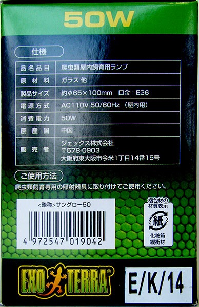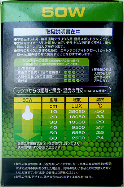 ・本製品は屋内爬虫類飼育用です。他の目的には使用しないでください。 ・必ず爬虫類飼育専用の点灯器具を使用してください。 ・強化ガラスを使用しておりますが、口金部分や点灯器具には、水がかからないように設置してください。破損や感電の原因になります。 ・物でおおったり、燃えやすいものに近づけないでください。火災の原因になります。 ・取り付け、取り外しや掃除の際は、必ず器具の電源を切り、差し込みプラグを抜いてください。 ・生体やディスプレイ、飼育ケージ(プラスチックフレーム、ガラス)などに直接触れないように設置してください。火傷や変形、火災の原因になります。 ・必ずランプの口金(E26)に適合した器具を使用してください。破損や発火の原因になります。 ・ガラス製品ですから、ぶつけたり、無理な力を加えたり、傷をつけたりしないでください。破損やけがの原因になります。 ・点灯中や消灯直後は、ランプが熱いので触れないでください。火傷の原因になります。 ・ランプはソケットに確実に取り付けてください。落下の原因になります。 ・ランプのガラス部分が、器具のソケットに触れないように取り付けてください。発火や破損の原因になります。 ・ランプを併用する時は、ランプ同士を離して設置してください。破損の原因になります。 |
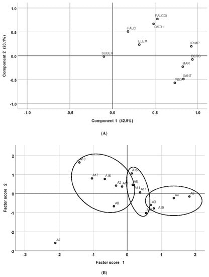 On the loading plot of the first two components, all compounds but suberenol had a positive component 1 loading, and the highest loadings were recorded for the furocoumarins. Falcarindiol had a high component 2 loading. The compounds falcarinol, trans-suberenol and elemicin, which occurred rather in low concentrations in the sample, had lower loadings on both components. On the scoring plot comparing the accessions, a grouping partially similar to those suggested by HCA could be found. Accession A7 having lowest contents of active compounds was isolated on the lower left quadrant. The third group in HCA (A2, A5, A8, A11, A12, A13 and A16) with a high ratio of falcarindiol to furocoumarins appeared mainly in PCA on the upper left quadrant, while the remaining accessions had all positive factor 1 values. In this plotting, the highest factor 1 value was assigned to A9, which was the accession with the highest total active compound content (Table 2).
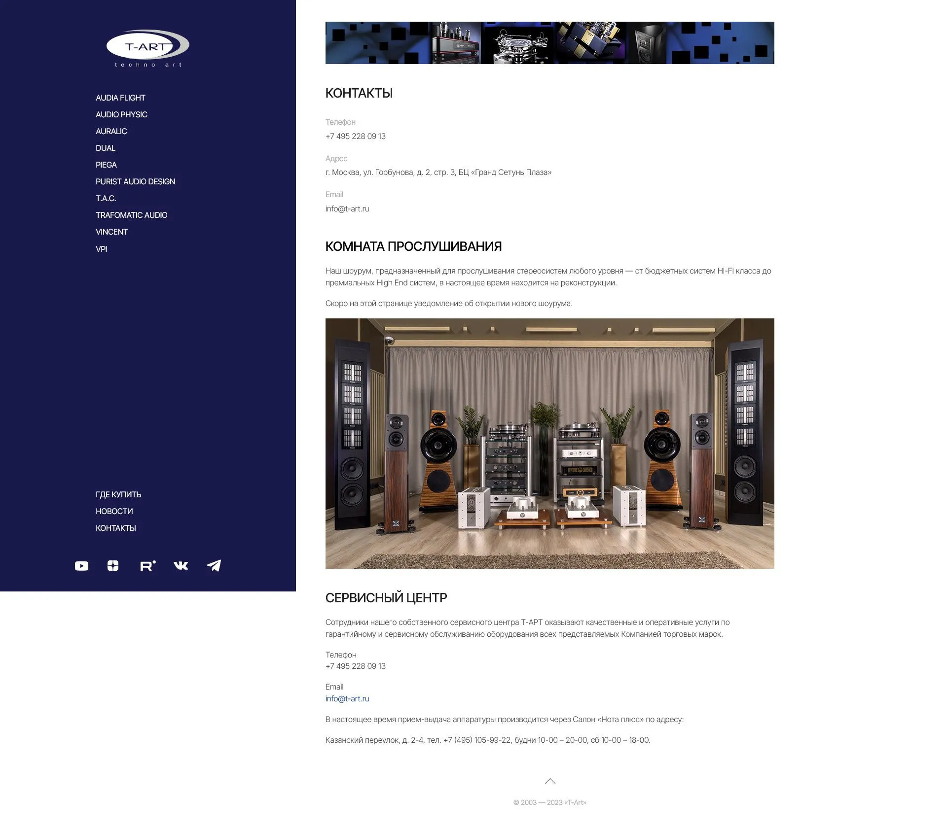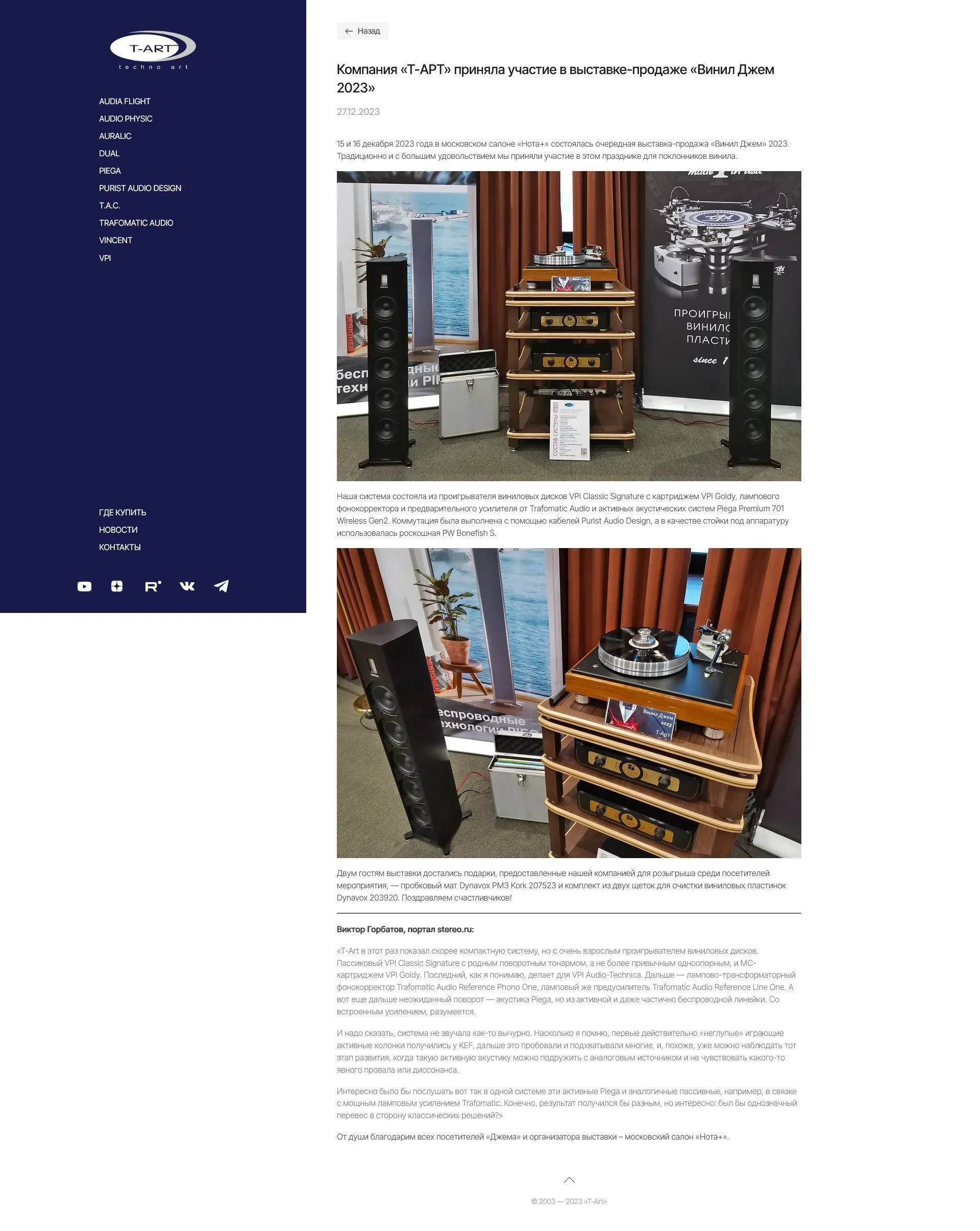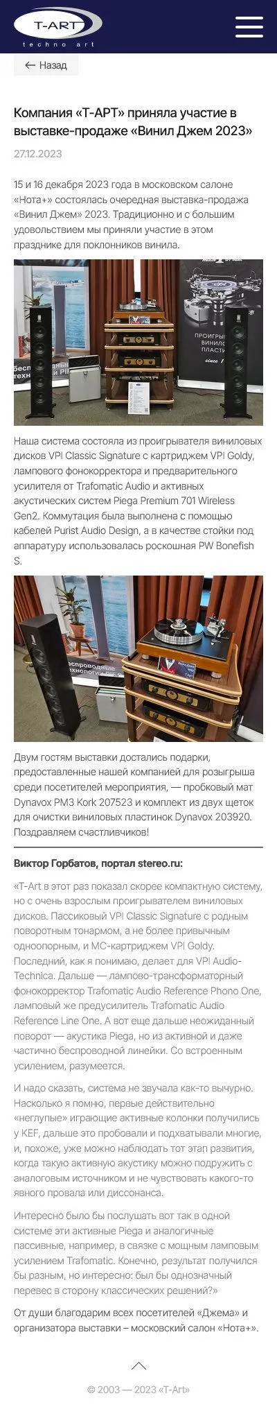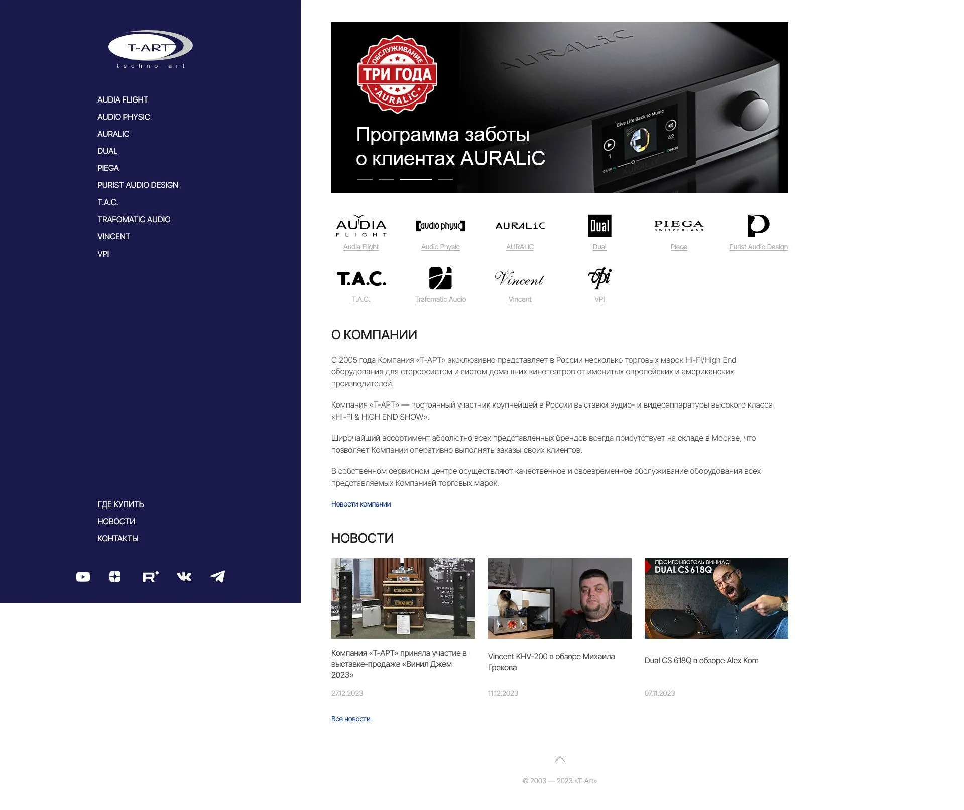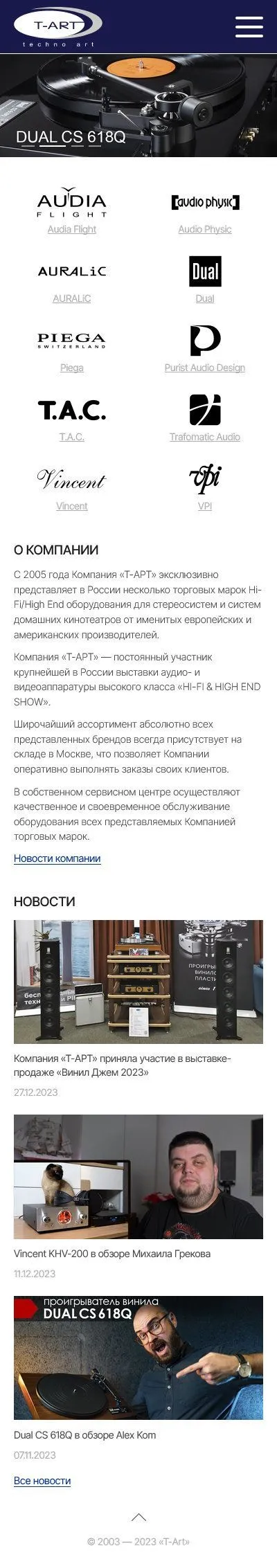 T-art.ru — компания Hi-Fi/High End оборудования для стереосистем и систем домашних кинотеатров от именитых европейских и американских производителей, постоянный участник крупнейшей в России выставки аудио- и видеоаппаратуры высокого класса «HI-FI & HIGH END SHOW».
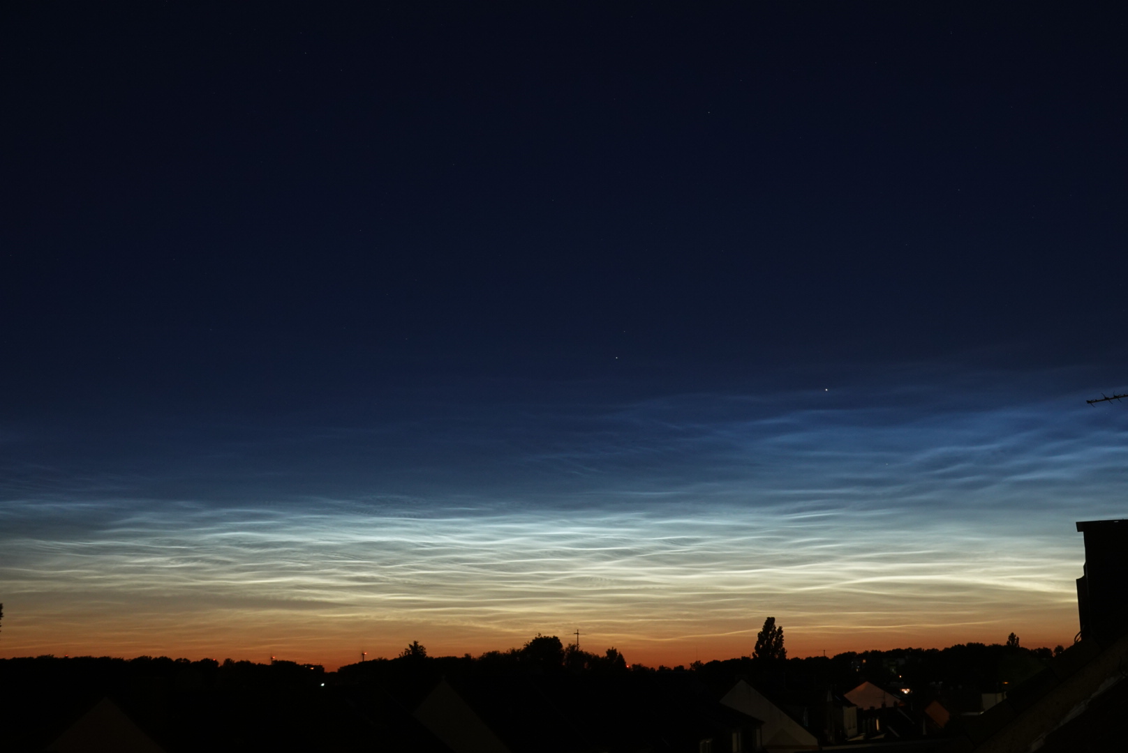 Hier ist noch ein Zeitraffer der letzten Nacht: http://astroyuki.com/Grosse_Bilder/NLC/2019/190705_NLC_TimeLapse.mp4 Links am Horizont sind in der Abenddämmerung auch ganz schwache NLC in den Lücken zu sehen. Schade, dass die rechte Bildhälfte von der Raffinerie GE-Scholven so "hübsch" bel...
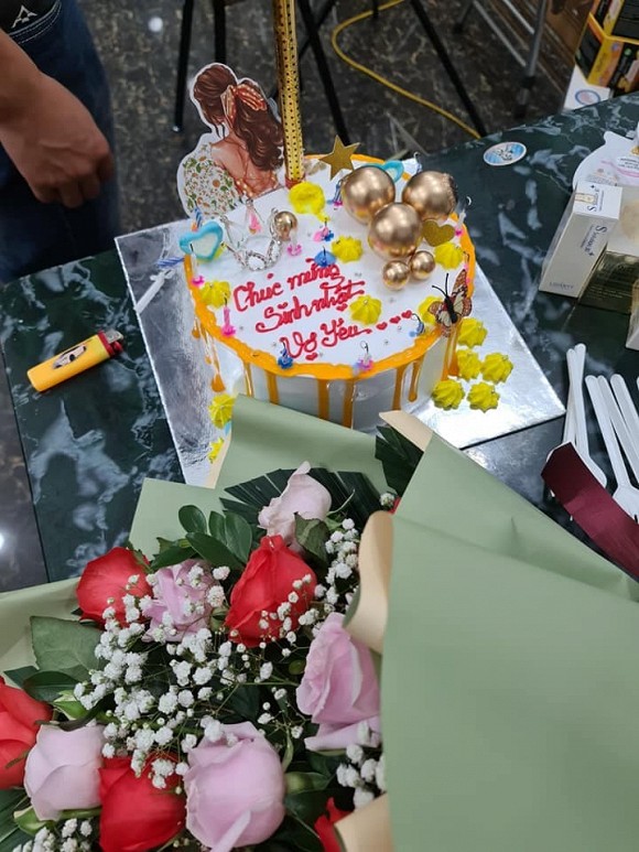 Trước đó vài ngày, chị Sao khoe ảnh đón tiệc sinh nhật ấm cúng bên chồng trẻ Hoa Cương và một số người bạn. Khác với chiếc nhẫn đắt đỏ năm ngoái, năm nay chú rể 28 chỉ tặng vợ hoa và bánh kem.
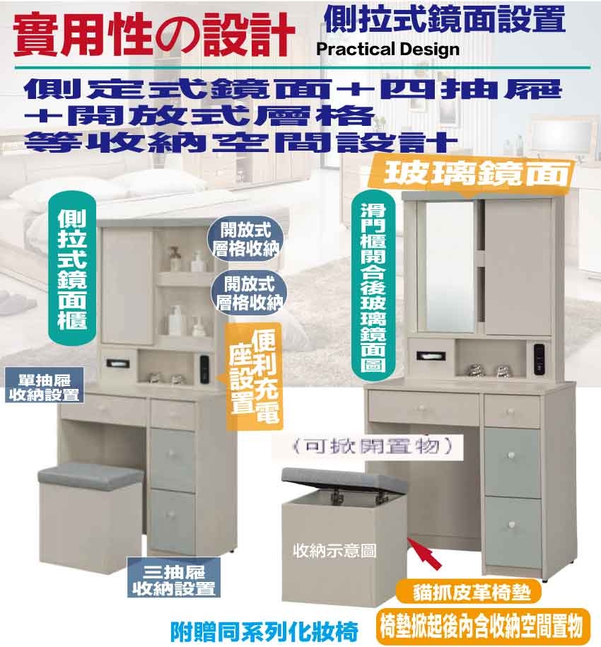 搭配採用側拉鏡面櫃+四抽屜+內&外開放層格等收納空間設計
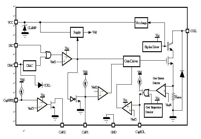 控制級和功率級都是由Vcc引腳供電,Vcc引腳通過一個電阻電容(R-C)網絡與直流總線相連。在啟動階段,電容通過一個高阻值的電阻器充電,因此,只需幾百微安。由于功率雙極晶體貯存基極電流是在通過‘Vcc充電網絡’連接Vcc引腳的電容上恢復的,因此,在工作階段,器件是自己給自己供電。
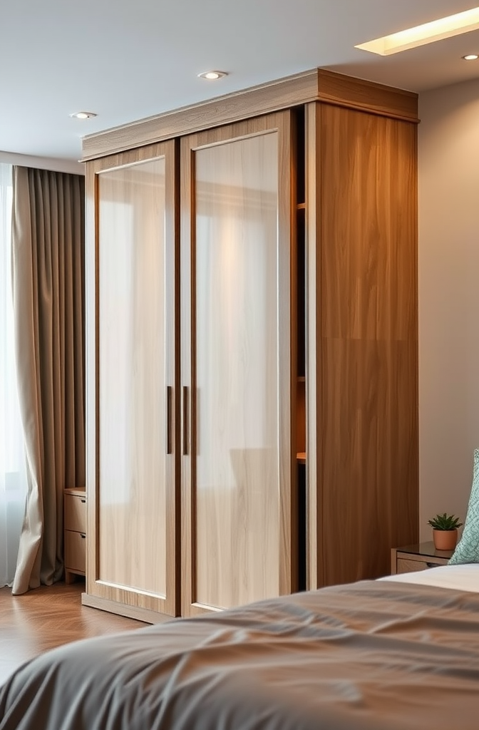 For those who choose glass or partially glass doors, strategic interior lighting creates a beautiful glowing effect even when closed, adding ambient light to the entire bedroom.
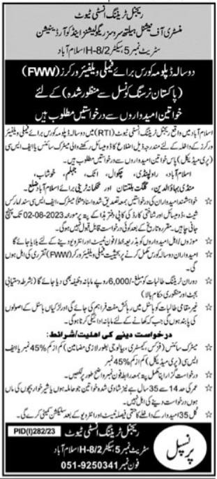 Regional Training Institute is delighted to announce admissions for the year 2023 in the esteemed Diploma in Family Welfare Worker FWW program. Aspiring candidates with a passion for healthcare and social welfare can apply. To be eligible, applicants must have completed their Matric in Science and FSc Pre Medical, obtaining at least 45% marks.
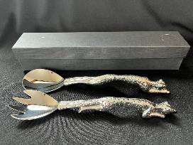 This is a stunning stainless steel and pewter salad spoon set from the Diana Carmichael collection. This handcrafted collection consists of timeless lead-free pewter tableware and accessories, all inspired by traditional African life and art.
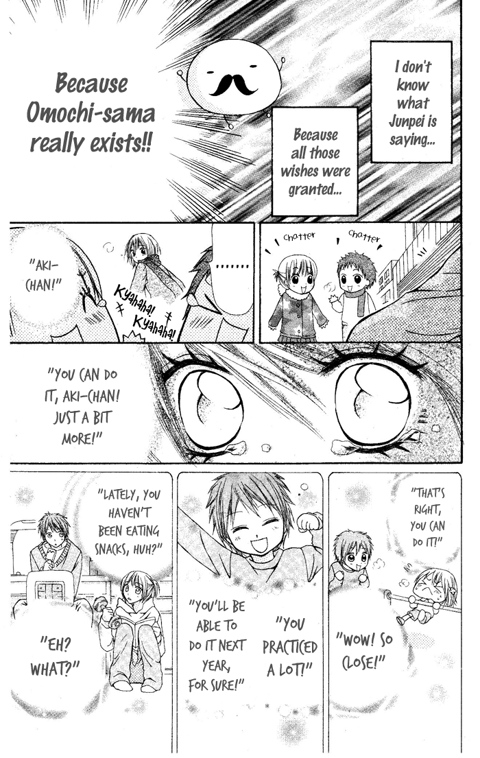 When Akiko was a child, on the first day of the new year, a rice cake suddenly came to life and told Akiko that it will grant a wish that she has. It's always been like that year after year, until one year a cat stole the rice cake that she was supposed to eat. Her family didn't have anymore left, and stores were sold out. She tries very hard to find a rice cake, but why is this? What is her wish that she wants granted so badly? (Source: Intercross Scanlations)
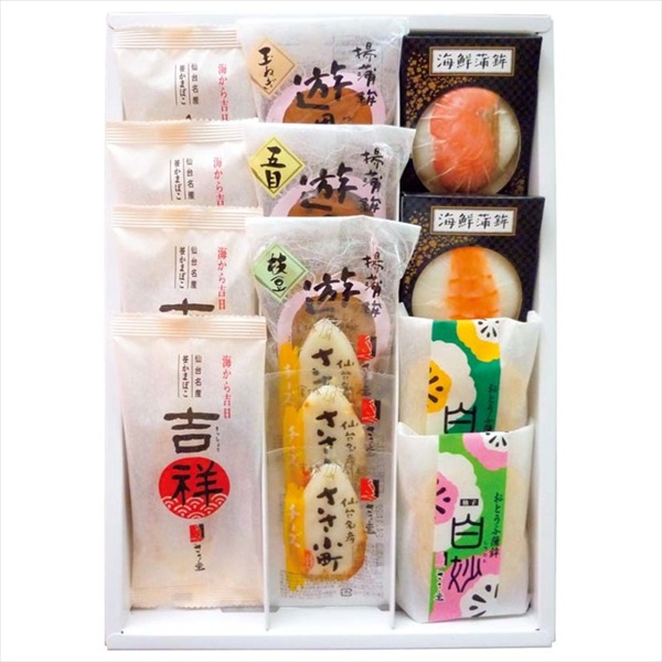 ●内容量:笹かまぼこ35g×4、真空笹かまぼこ(チーズ)20g×3、揚げ蒲鉾(枝豆・五目・玉ねぎ)各40g、おとうふ蒲鉾(柚子・プレーン)各50g、海鮮蒲鉾(えび・紅鮭)各50g
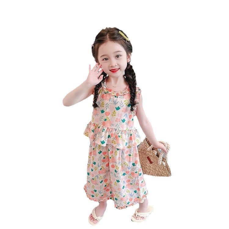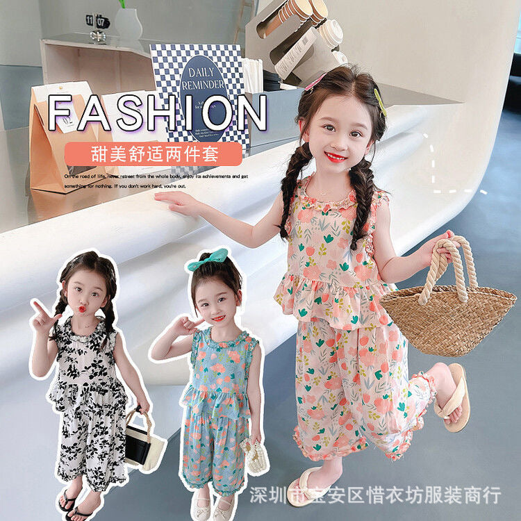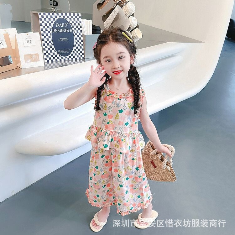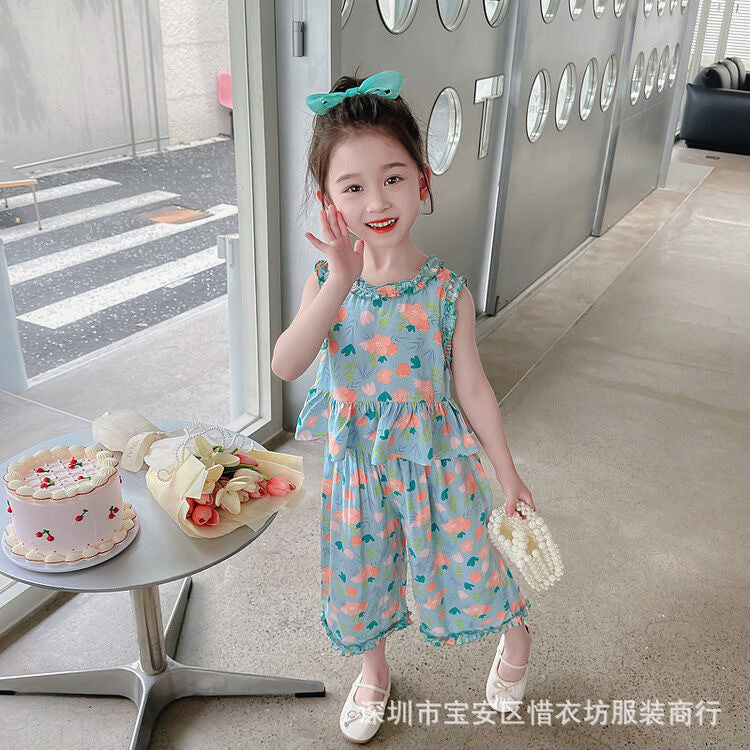 A25072310女童防蚊褲夏季套裝小女孩薄款夏裝兩件套寶寶長褲兒童洋氣
•••
• _Try it_
In the listing above, find the line containing "T-art.ru — компания". Output it and every line after it up to and including the line containing "Hier ist noch", exactly, but skip the pictures.

• _The answer_
 T-art.ru — компания Hi-Fi/High End оборудования для стереосистем и систем домашних кинотеатров от именитых европейских и американских производителей, постоянный участник крупнейшей в России выставки аудио- и видеоаппаратуры высокого класса «HI-FI & HIGH END SHOW».
 Hier ist noch ein Zeitraffer der letzten Nacht: http://astroyuki.com/Grosse_Bilder/NLC/2019/190705_NLC_TimeLapse.mp4 Links am Horizont sind in der Abenddämmerung auch ganz schwache NLC in den Lücken zu sehen. Schade, dass die rechte Bildhälfte von der Raffinerie GE-Scholven so "hübsch" bel...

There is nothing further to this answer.